**Exercise aim:** Your job is to give again, exactly and with no additions, the lines in the records below from the one with "Àϻ󵹺½ ¼ºñ½º´Â ¼ºñ½º" through the one with "The Bogen MO-100", both included. Omit the pictures.

**Data for processing:**
=== Begin Enclosure ===

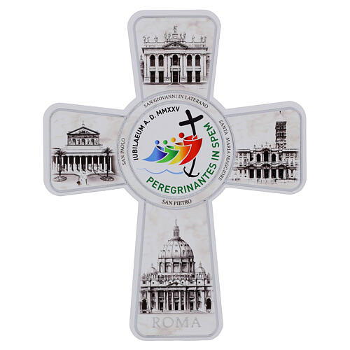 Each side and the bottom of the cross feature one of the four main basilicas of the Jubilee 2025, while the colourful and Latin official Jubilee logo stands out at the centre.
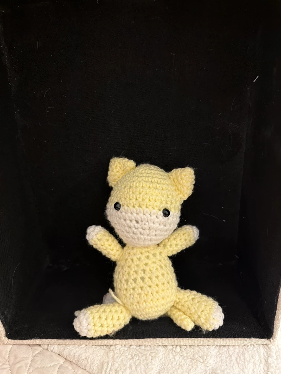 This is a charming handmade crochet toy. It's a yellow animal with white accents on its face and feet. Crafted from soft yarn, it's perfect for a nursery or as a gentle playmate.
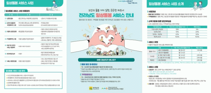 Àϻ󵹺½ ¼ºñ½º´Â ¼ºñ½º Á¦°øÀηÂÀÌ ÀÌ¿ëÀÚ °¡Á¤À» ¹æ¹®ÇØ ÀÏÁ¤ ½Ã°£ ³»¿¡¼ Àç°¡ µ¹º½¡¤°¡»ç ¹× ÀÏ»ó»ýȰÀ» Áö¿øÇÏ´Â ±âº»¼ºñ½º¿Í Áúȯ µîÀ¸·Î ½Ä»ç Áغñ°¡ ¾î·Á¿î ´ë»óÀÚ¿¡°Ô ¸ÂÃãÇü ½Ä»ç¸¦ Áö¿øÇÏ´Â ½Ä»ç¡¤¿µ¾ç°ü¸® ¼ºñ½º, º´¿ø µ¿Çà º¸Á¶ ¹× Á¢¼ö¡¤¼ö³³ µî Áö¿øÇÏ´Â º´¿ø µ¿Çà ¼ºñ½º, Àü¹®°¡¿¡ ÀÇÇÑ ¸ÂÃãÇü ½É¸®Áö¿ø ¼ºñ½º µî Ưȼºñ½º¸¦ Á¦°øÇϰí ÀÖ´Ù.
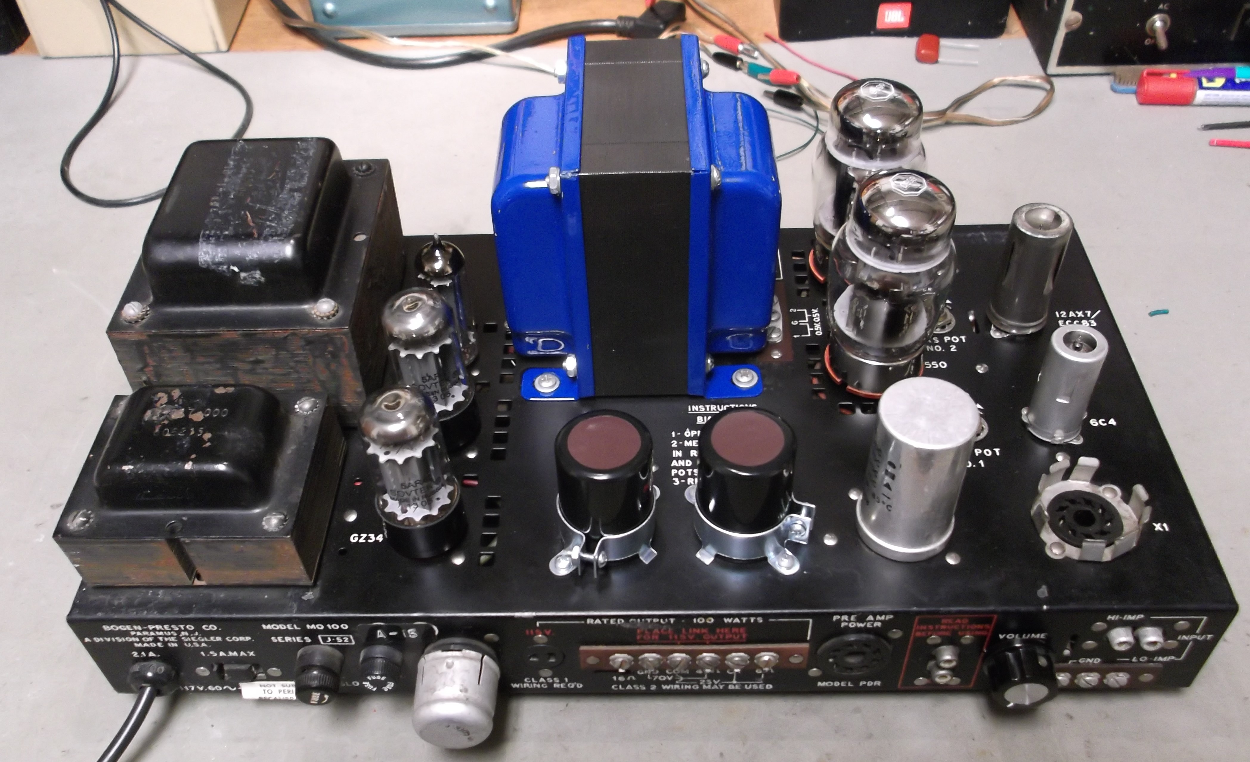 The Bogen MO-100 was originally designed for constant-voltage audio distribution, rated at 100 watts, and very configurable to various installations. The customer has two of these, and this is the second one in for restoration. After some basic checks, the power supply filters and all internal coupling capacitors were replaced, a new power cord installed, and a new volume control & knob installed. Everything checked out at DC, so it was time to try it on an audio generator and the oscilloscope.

=== End Enclosure ===
=== Begin Enclosure ===

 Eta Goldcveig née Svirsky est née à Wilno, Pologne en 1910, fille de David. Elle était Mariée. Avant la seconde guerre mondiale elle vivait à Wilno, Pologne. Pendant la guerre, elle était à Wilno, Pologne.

=== End Enclosure ===
=== Begin Enclosure ===

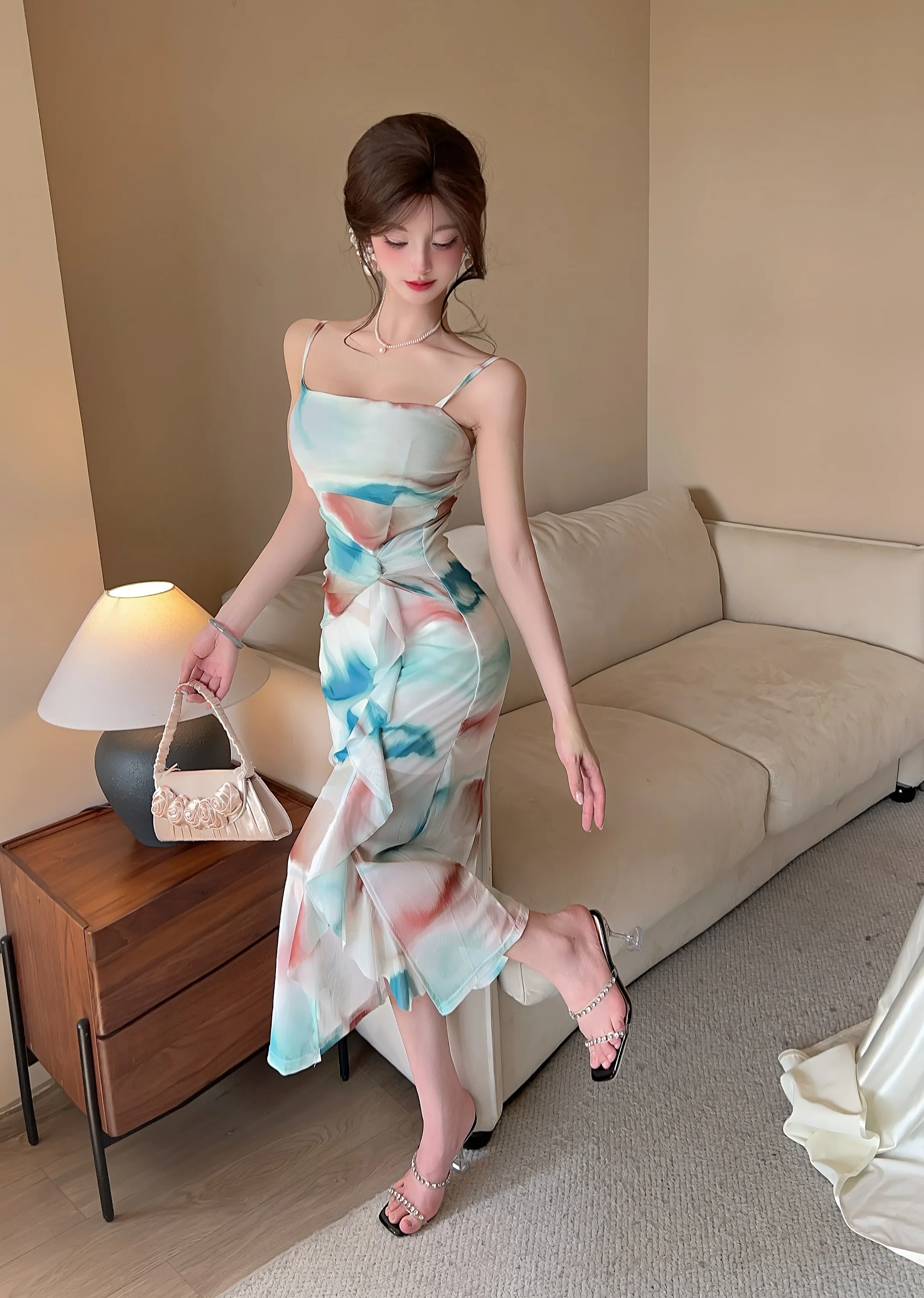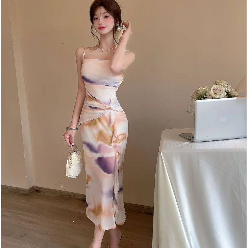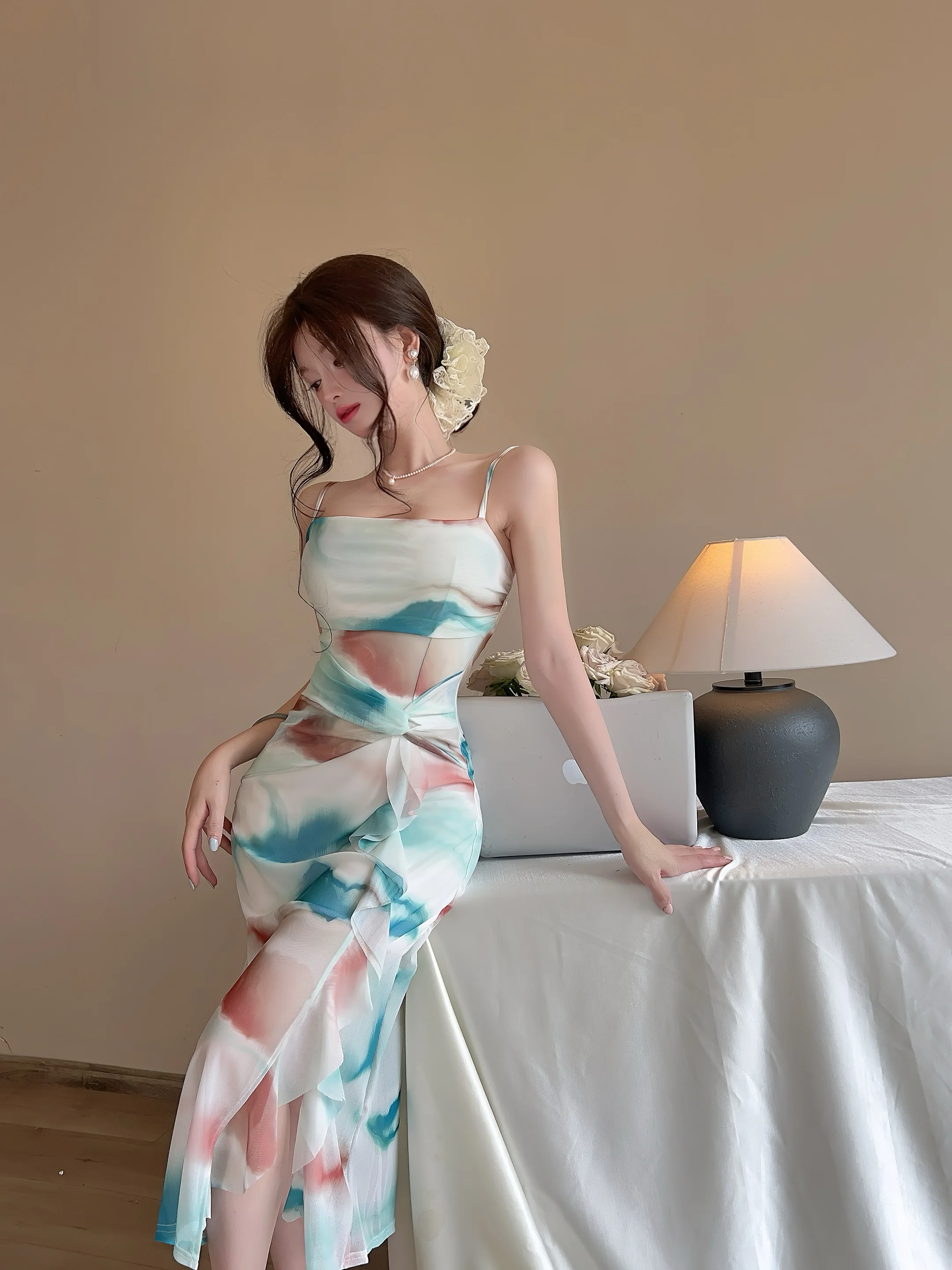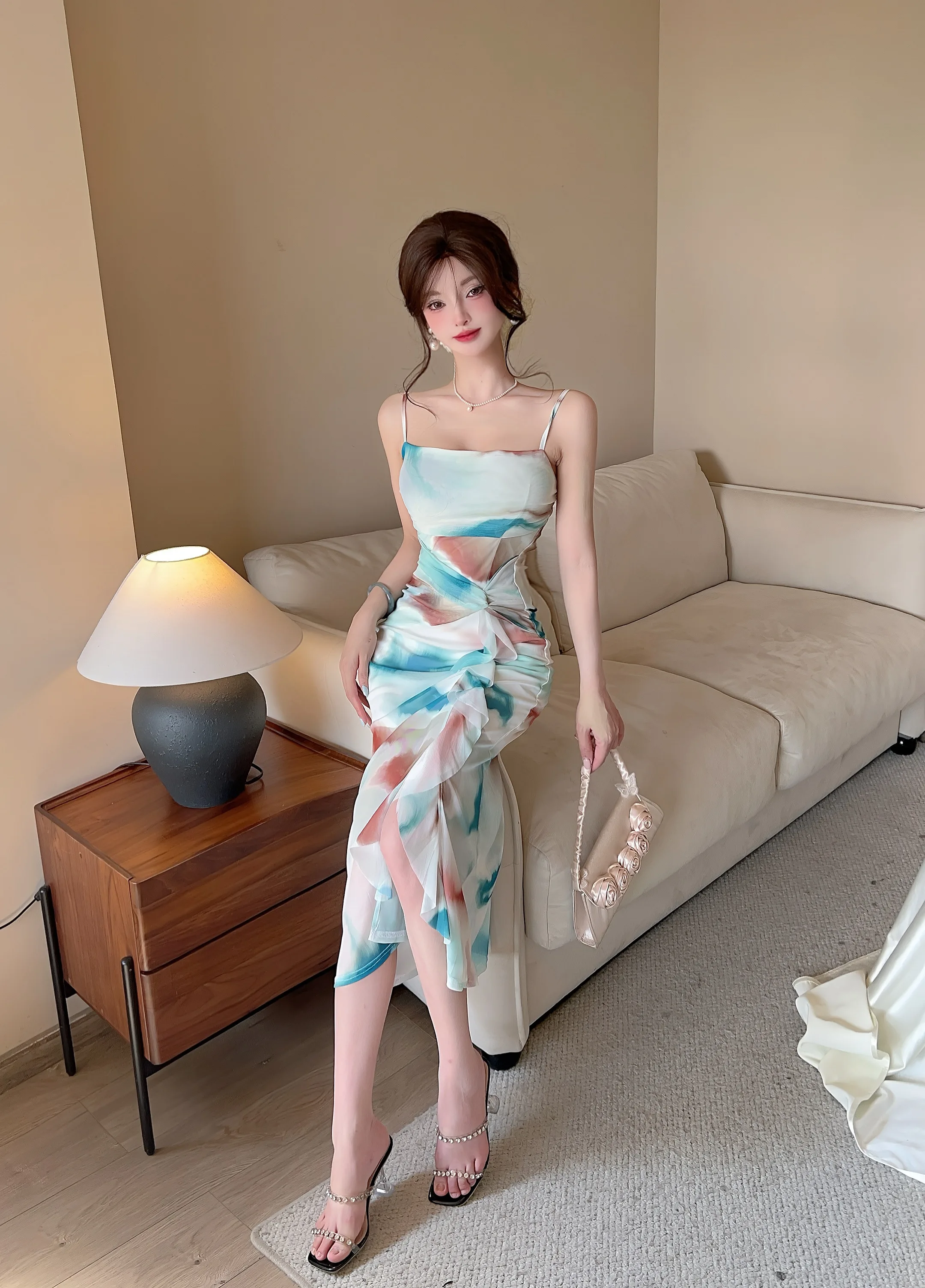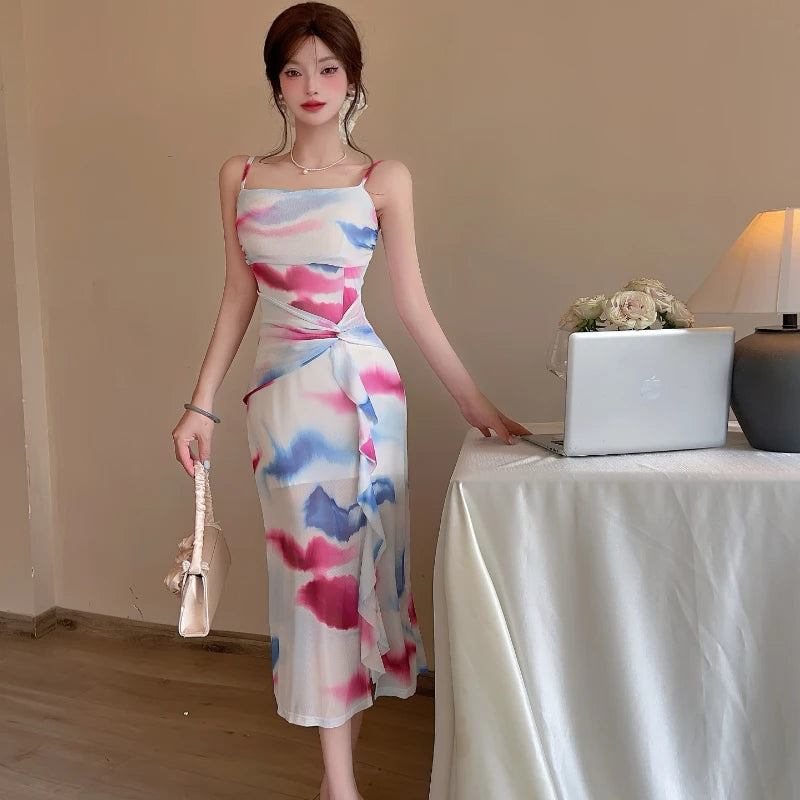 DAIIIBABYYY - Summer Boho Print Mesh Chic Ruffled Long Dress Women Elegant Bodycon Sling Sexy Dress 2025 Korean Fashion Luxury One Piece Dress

=== End Enclosure ===

**Answer for this exercise:**
 Àϻ󵹺½ ¼ºñ½º´Â ¼ºñ½º Á¦°øÀηÂÀÌ ÀÌ¿ëÀÚ °¡Á¤À» ¹æ¹®ÇØ ÀÏÁ¤ ½Ã°£ ³»¿¡¼ Àç°¡ µ¹º½¡¤°¡»ç ¹× ÀÏ»ó»ýȰÀ» Áö¿øÇÏ´Â ±âº»¼ºñ½º¿Í Áúȯ µîÀ¸·Î ½Ä»ç Áغñ°¡ ¾î·Á¿î ´ë»óÀÚ¿¡°Ô ¸ÂÃãÇü ½Ä»ç¸¦ Áö¿øÇÏ´Â ½Ä»ç¡¤¿µ¾ç°ü¸® ¼ºñ½º, º´¿ø µ¿Çà º¸Á¶ ¹× Á¢¼ö¡¤¼ö³³ µî Áö¿øÇÏ´Â º´¿ø µ¿Çà ¼ºñ½º, Àü¹®°¡¿¡ ÀÇÇÑ ¸ÂÃãÇü ½É¸®Áö¿ø ¼ºñ½º µî Ưȼºñ½º¸¦ Á¦°øÇϰí ÀÖ´Ù.
 The Bogen MO-100 was originally designed for constant-voltage audio distribution, rated at 100 watts, and very configurable to various installations. The customer has two of these, and this is the second one in for restoration. After some basic checks, the power supply filters and all internal coupling capacitors were replaced, a new power cord installed, and a new volume control & knob installed. Everything checked out at DC, so it was time to try it on an audio generator and the oscilloscope.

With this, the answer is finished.